Originally Posted by henryzz View Post
The aim with SIQS is to make switching polynomial very fast such that many more polynomials can be used than MPQS. However, I believe that my implementation still spends 10% of its time switching A.
Is that time spent just building new A polys or does it also include setup time for the new poly (e.g., computing A^-1 mod p for all factor base p)? 10% seems high either way but if that's just for building new A polys then it seems *really* high. In contrast I usually spend < 3% total for building new A's and all of the setup for new A's.

Originally Posted by henryzz View Post
At 50 digits I use about 11 As. This increases rapidly from here as numbers get bigger. Unless you are spending all your time generating them I wouldn't worry about having a few As. Each A had 6 factors allowing for 64 Bs per A .
Seems reasonable given your other parameters. I typically see anywhere from 50 to 150 A's at 50 digits, using 6 factors per A, but I use a far smaller factor base and sieve interval. It is all a tradeoff.

Originally Posted by tabidots View Post

So my basic question is, what kind of gotchas should I look for with the polynomials to make sure they can capture as many smooth relations as possible? I have already verified that b^2 or (a - b)^2 is congruent to N mod a for each b.
I would ask, how are you determining smoothness exactly? In other words, the sieve value above (or below) which you try to find a relation.
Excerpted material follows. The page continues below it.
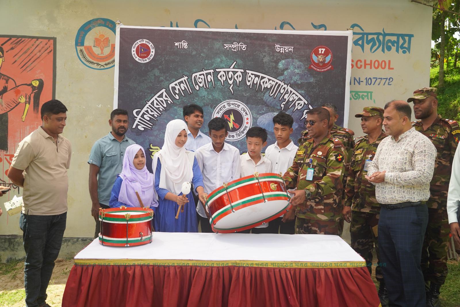২৩ সেপ্টেম্বর নানিয়ারচর জোনের আওতাধীন বগাছড়ি আল-আমিন উচ্চ বিদ্যালয়ের ছাত্র-ছাত্রীদের মাঝে ০১ টি বিগ ড্রাম, ০১ টি বিট ড্রাম এবং ০১ টি ফুটবল প্রধান শিক্ষকের নিকট হস্তান্তর করা হয়। এ সময় জোন উপ-অধিনায়ক বিও-৮২২০ মেজর শেখ মোহাম্মদ নাইমসহ অন্যান্য গণ্যমান্য ব্যক্তিবর্গ উপস্থিত ছিলেন।

If your polynomials and roots are good then maybe it is as simple as tweaking your smoothness bound so as to generate more potential relation reports.

The value I use is obtained from a bunch of empirically determined magic numbers, loosely related to Contini's suggestion along the lines of:
"compute the number of bits in M/2*sqrt(N/2), then subtract some slack". M is the size of your sieve interval.